Indian Pediatr 2020;57: 380

Measles Immunization: Worth Considering Containment Strategy for SARS-CoV-2 Global Outbreak

 

Varnit Shanker

Consultant Pediatricain and Neonatologist, DACH, Shastri Nagar Road, Jaipur, 302016, India.
Email: [email protected]

Published online: March 29, 2020;

PII: S097455911600153

 


Data on individuals aged 18 years and under reported by the World Health Organization (WHO) China Joint Mission on COVID-19 suggest that there is a relatively low attack rate in this age group (2.4% of all reported cases). These observations are in agreement with epidemiological pattern of 2003 Coronavirus SARS-CoV outbreak when 8,098 cases of SARS were diagnosed worldwide and only <5% of all cases were diagnosed in patients <18 years of age [1]. 2012 MERS-Coronavirus outbreak reported few cases of MERS-CoV in children and it remained mainly a disease of adults [2].
Measles Mumps Rubella (MMR) vaccine has been thought to protect against other viral causes of respiratory diseases as well. Although satisfactory immune response is elicited upto 10 years after the MMR immunization, there is reduction in both the measles sero-positivity rates and the measles antibody geometric mean concentrations [3]. An Italian study reported that significant proportion of subjects immunized for measles do not show a protective IgG titers even 10 years after vaccination [4].

Spike (S) of coronavirus and Hemagglutinin (H) of measles virus have a critical involvement in receptor recognition, as well as virus attachment and entry. The H of measles virus plays a crucial role in success of measles vaccine and the S protein of coronavirus is the most promising and studied candidate antigen for SARS-CoV vaccine development. It is the major target for neutralizing antibodies in human patients and in animal models. These similarities in structural construct may play a role in eliciting immune response against coronavirus in a child previously immunized against measles.
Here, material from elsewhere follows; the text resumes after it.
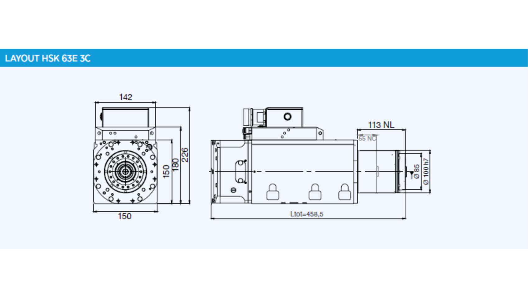 - Air and lubrication passage through the spindle (Oil Mist, MQL) to improve the machining efficiency of wood, light alloys and composite materials

Age-related declining immunogenicity of measles vaccine, possible structural and functional similarities between measles virus and SARS-CoV-2, sparing of young population from the clinically symptomatic cohort, and importantly, no other plausible immunological explanation of COVID-19 being a predominantly adult age group disease warrants serious probing of measles vaccine as a containment strategy during this ongoing pandemic. Measles vaccination carries a number of advantages: highly efficient, safe, easily manufactured at large scale, vaccine strains are genetically stable, measles does not recombine or integrate genetic material, vaccine does not persist or diffuse, mass booster doses can be given to both pediatric and adult population, and it presents an economical option that can be evaluated swiftly in times of crisis.

Funding: Not Applicable; Competing interest: None stated.


REFERENCES

1. Dowell SF, Ho MS. Seasonality of infectious diseases and severe acute respiratory syndrome – what we don’t know can hurt us. Lancet Infect Dis. 2004;4:704–8

2. Thabet F, Chehab M, Bafaqih H, Al Mohaimeed S. Middle East respiratory syndrome coronavirus in children. Saudi Med J. 2015;36:484–6.

3. Carryn S, Feyssaguet M, Povey M, Di Paolo E. Long-term immunogenicity of measles, mumps and rubella-containing vaccines in healthy young children: A 10-year follow-up. Vaccine.2019; 37:5323-31.

4. Bianchi FP, Stefanizzi P, De Nitto S, Larocca A, Germinario C, Tafuri S. Long-term immunogenicity of measles vaccine: An Italian retrospective cohort study. J Infect Dis. 2020;221:721-8.